# Parser 3.10 - Unary Plus

The goal for this version of the parser is to be able to recognize the unary plus operator.

There may be some question about what a unary plus operator should actually *do*. One possibility is for it to act as an *abs()* function, making negative values positive and leaving positive values alone. This would have the same inability to convert *intMin* to a positive value that arithmetic negation does, but we could handle that the same way we do for arithmetic negation.

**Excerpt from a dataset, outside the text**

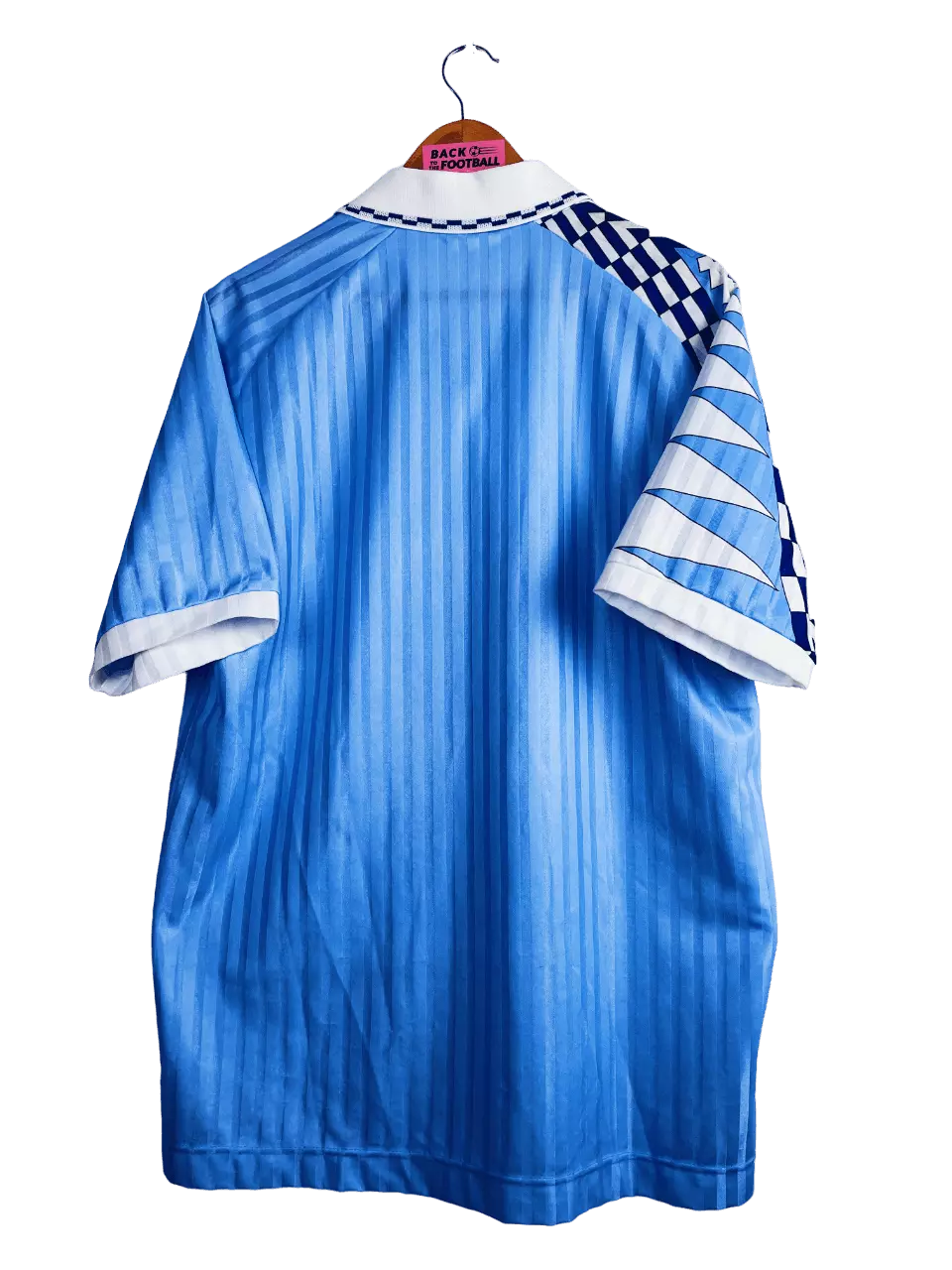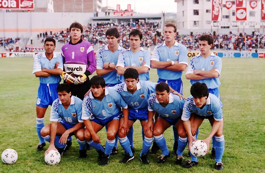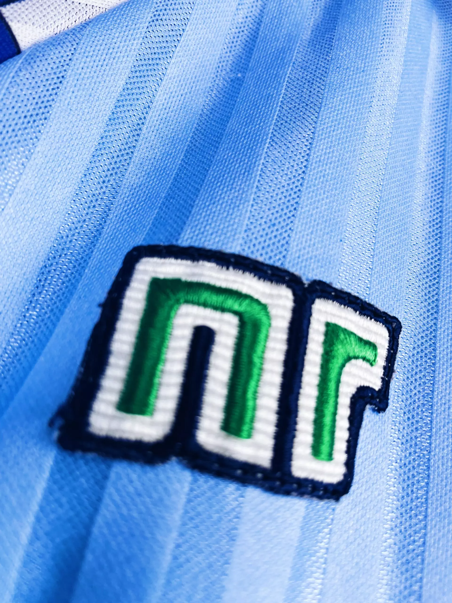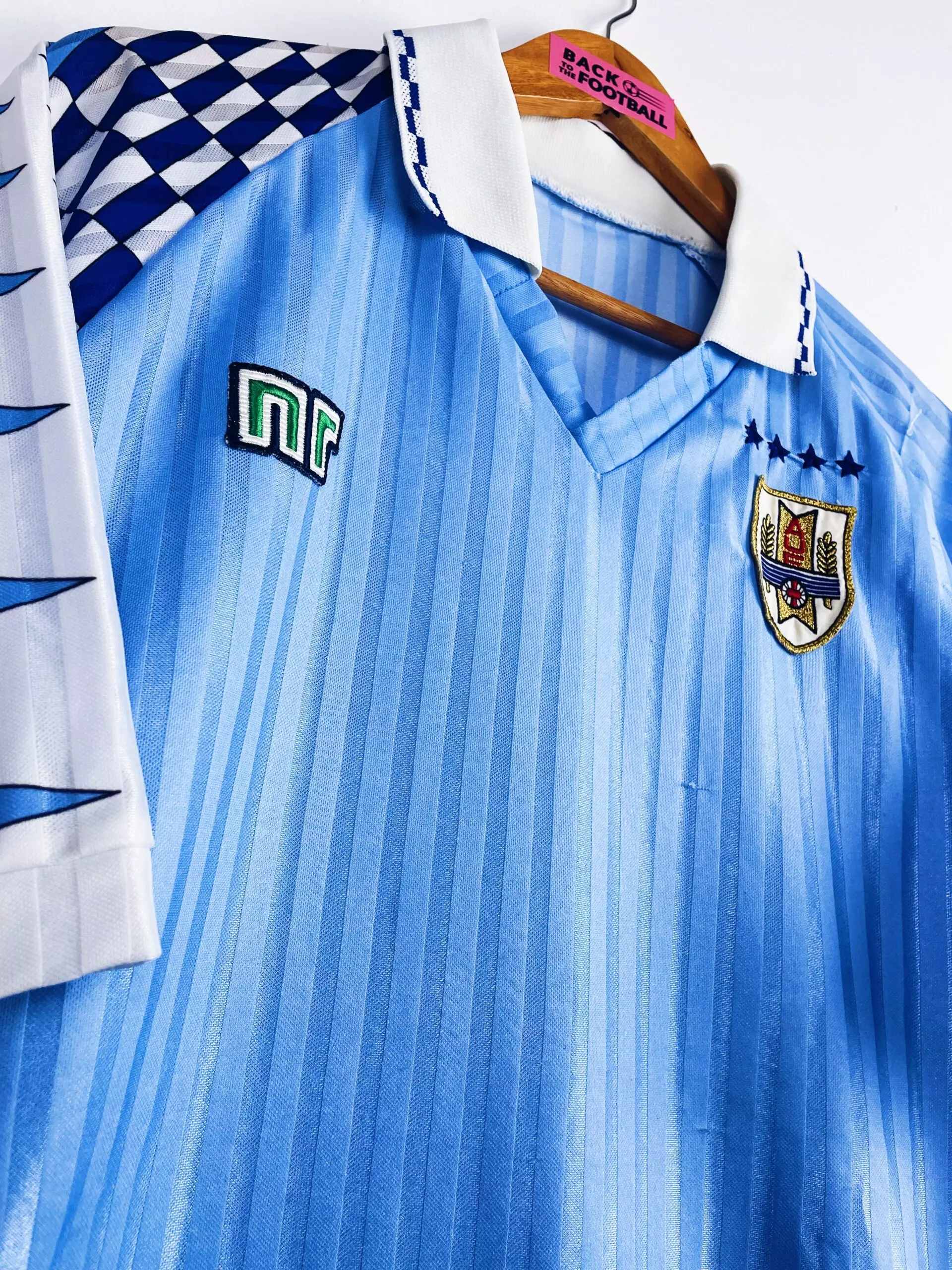 Taille : L Etat : 8/10, très bon état, quelques petits accrocs (voir photo) Le maillot : maillot vintage de l’Uruguay 1992/1994, porté notamment pendant la Copa America 1993. L’écusson est brodé, le logo NR aussi. Le design est magnifique ! Très beau maillot rétro de l’Uruguay ! Histoire : lors de la Copa America 1993 organisé par l’Equateur, l’Uruguay se qualifie lors de la phase de groupe avec une 2ème place, derrière justement le pays hôte. La Celeste se fera éliminer en quart de finale, aux tirs au buts, contre la Colombie. Les uruguayens ne se qualifieront pas pour…

Other choices include having unary plus force the 'usual arithmetic conversions' (as in [C](https://en.wikipedia.org/wiki/C_(programming_language)) \), convert strings representing numbers to numeric values but leave numeric values unchanged (as in [Javascript](https://en.wikipedia.org/wiki/JavaScript)), or simply be available as a placeholder for later definition in languages that support [operator overloading](https://en.wikipedia.org/wiki/Operator_overloading) (as in [C++](https://en.wikipedia.org/wiki/C%2B%2B)).

Since later we plan to use *abs()* as an example of a one-argument function, we'll make the simplest possible choice and define unary plus to be a null operator that does not do anything.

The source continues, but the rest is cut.